The night was alive with the crackle of flame, its light dancing on the buildings, sending shadows flickering everywhere. A wyvern dived to buzz me and I turned my head and caught it full in the face with dragonfire. It fell like a flaming meteor to earth and crashed through the roof of the burning pool house. Its two companions darted away, giving up the fight now their goblin allies were all down.
Heat from the blaze behind me licked against my back as I stalked toward the main house, pushing some of my mass back through the link so that by the time I reached the door I could squeeze through it. I wasn’t much bigger than a wyvern myself now, and I wouldn’t be as effective at this size, but I didn’t dare relinquish trueshape yet.

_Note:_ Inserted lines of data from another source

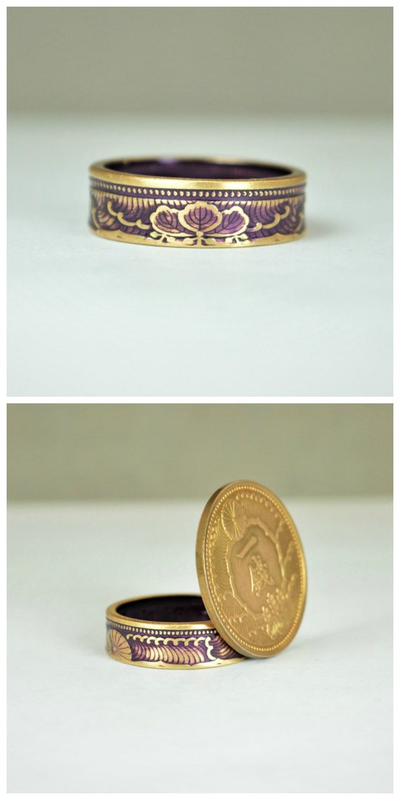 These rings are handcrafted using a rare brass Japanese One Sen Coin. Issued only in 1988 they feature a beautiful wave and cherry blossom design that will be on the outside of the ring. The inside of the ring features the date and issuing authority in Japanese script. You can see the coin these are made from in the first photo.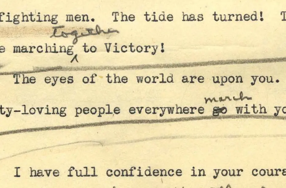 General Dwight D. Eisenhower annotated this draft of the Order of the Day for the Allied invasion of Normandy during World War II. Thousands of copies of the final version were printed and distributed to Allied soldiers before the invasion, which took place on June 6, 1944.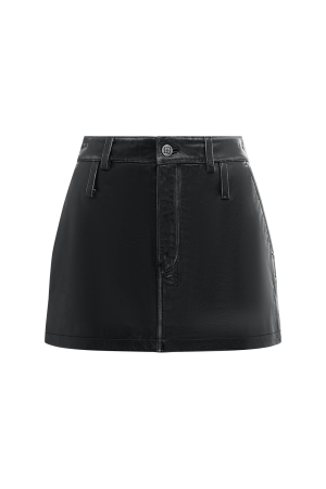 The Low Rider Mini Aged Black redefines edgy sophistication with its low-rise cut and classic five-pocket design. crafted from premium 100% lamb leather. Enhanced with a vintage treatment for an aged look. this skirt features anti-silver branded hardware. an embossed 3×4 T-box. and a distinctive SOTT embossed patch. designed to sit low on the hips.
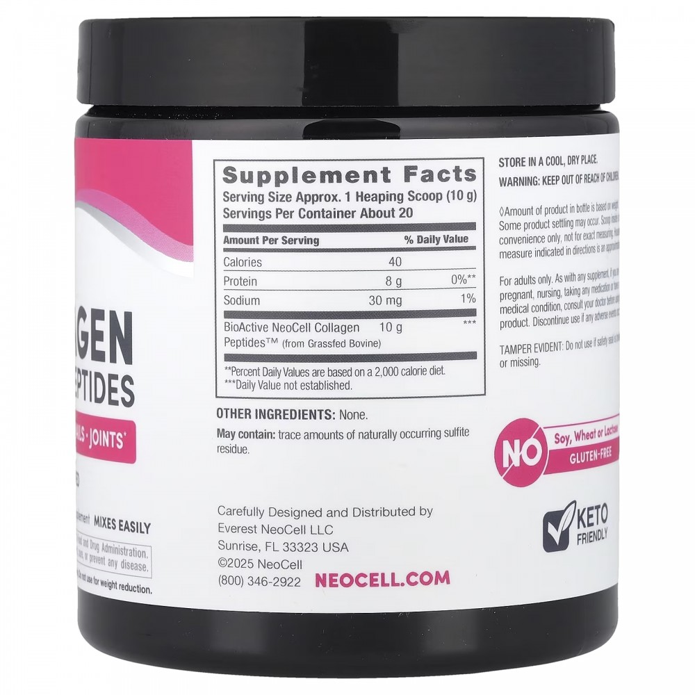 Neocell Grassfed Collagen Peptides 200 грамм, гидролизованный коллаген 1 и 3 типа для здоровья кожи, суставов и связок

A naked human form would be useless, and there were precious lives at risk inside the house.
I found Thommo dead in the hallway outside the comms room, his body ripped open by a hail of bullets. I startled a goblin inside the room and leapt on it, spraying the monitors with its blood. A moment later it fell limp under my slashing claws.
Upstairs. Lachie! Dread sunk vicious claws into my heart. I ripped apart two more goblins who stood in my way, then bounded up the stairs. At the top I found Steve, slumped against the wall, but still alive.
Faster! I rushed along the hallway towards Lachie’s room, following sounds of a struggle. Something crashed into the wall. Someone grunted.
And someone screamed, a high-pitched wail torn from the throat of a terrified child.
I hurled myself through the doorway with a roar of anguish. Kasumi fought two goblins, holding them off from Lachie, who cowered behind her. She’d disarmed them both, but her whole right arm ran with blood from a bullet wound to the shoulder, and she didn’t move with her usual smoothness. The goblins turned as I entered, and I leapt on the one closest and tore his head from his shoulders.
The other froze for a brief, shocked second, and Kasumi stepped in and dropped him with a smart blow to the temple.
“Kasumi! You’re hurt.” Though the shoulder obviously pained her, it clearly hadn’t been a silver bullet, which suggested that whoever planned this attack hadn’t known I had a new shifter in my camp. With the wolves away for full moon, they’d assumed there’d be no point bringing silver to a gunfight against humans and a lone dragon.